Re: (elist) faster hash list scanning

Ingo Molnar (mingo@chiara.csoma.elte.hu)
Mon, 26 Jul 1999 12:39:48 +0200 (CEST)


On Mon, 26 Jul 1999, Jan Bobrowski wrote:

> * These lists are terminated by ELIST_END constant instead of NULL.

list.h lists are not terminated by NULL.

> * It speeds up list manipulations because next->pprev is always accessible.

such are list.h lists ...

> * They are anchored by single pointer - it saves 50% of memory
> * occupied by hashtables.

i think this might be an interesting optimization, we always want to save
cache footprint - but this is not an unconditional move. This presumes
that the list-user never tries to really look up anchor->prev. There are
several usage types which want to append to the end of the queue. Eg.
waitqueues want to access anchor->prev.

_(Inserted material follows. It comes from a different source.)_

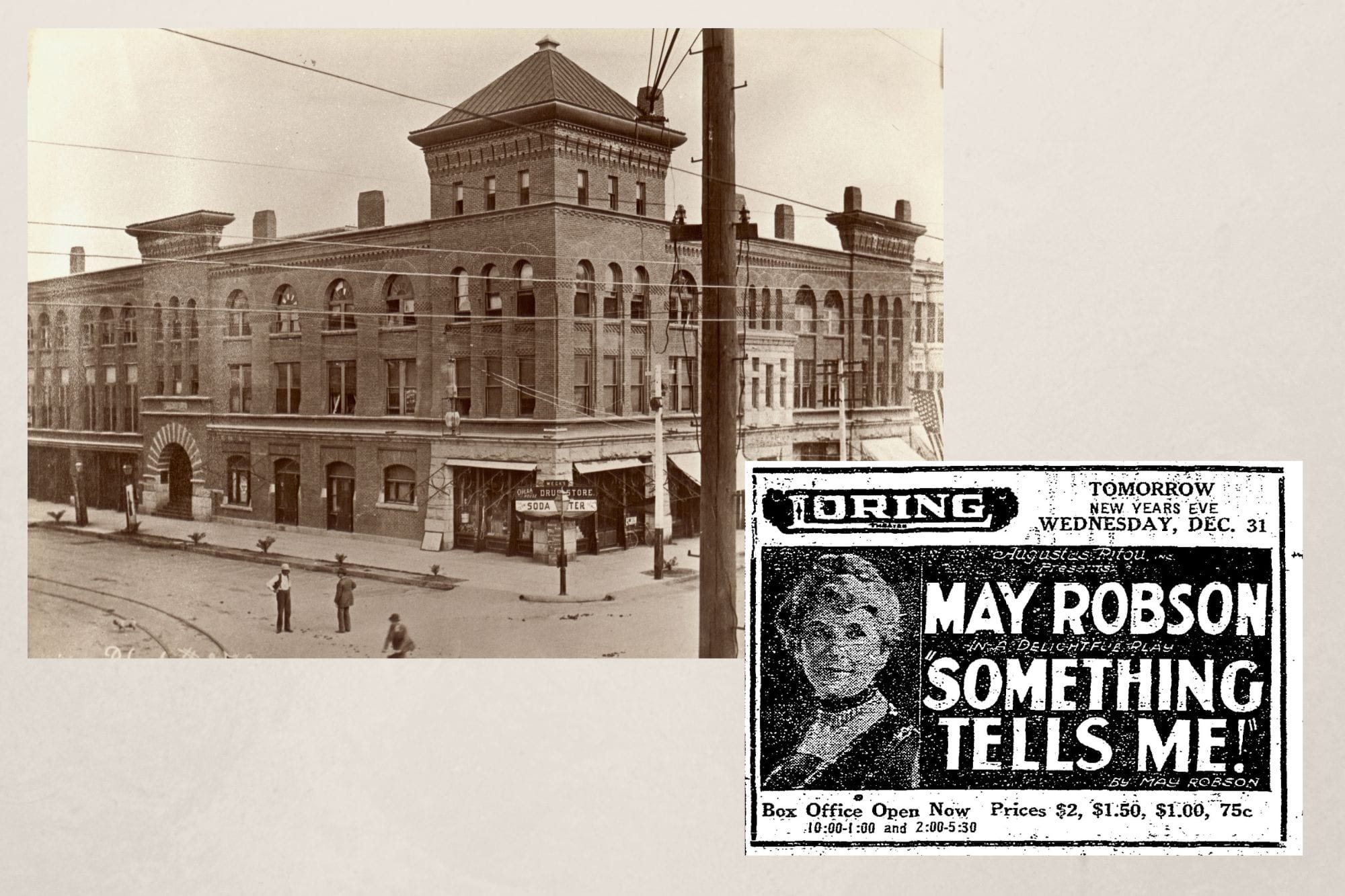 For entertainment, you could come downtown for a New Year’s Eve presentation of the play “Something Tells Me!” starring May Robson. Seat prices ranged from 75 cents to $2 at the Loring Theatre on Seventh Street, part of the Loring Building on the corner of Main and Seventh.

In 2.0 we had 'on the fly'
performance decisions which have put inodes at the end or at the beginning
of the hash chains - using elist.h lists removes the possibility of later
changing add-characteristics.

Also, the effect on SMP systems is interesting as well - we might end up
writing to __elist_end.pprev from many CPUs - causing that cacheline to
bounce around. This can be solved if __elist_end is properly aligned and
indexed by smp_processor_id() but then we introduce additional complexity
to elist_find(), on_elist() and init_*elist().

> + fast list scanning using elist_find() function.
> It is about 75% faster than original for long lists (5-element).
> (dcache, icache and buffer cache use it now)

and how did you time this 75% speedup? list.h is very simple already and
the finding functions did about what elist_find does.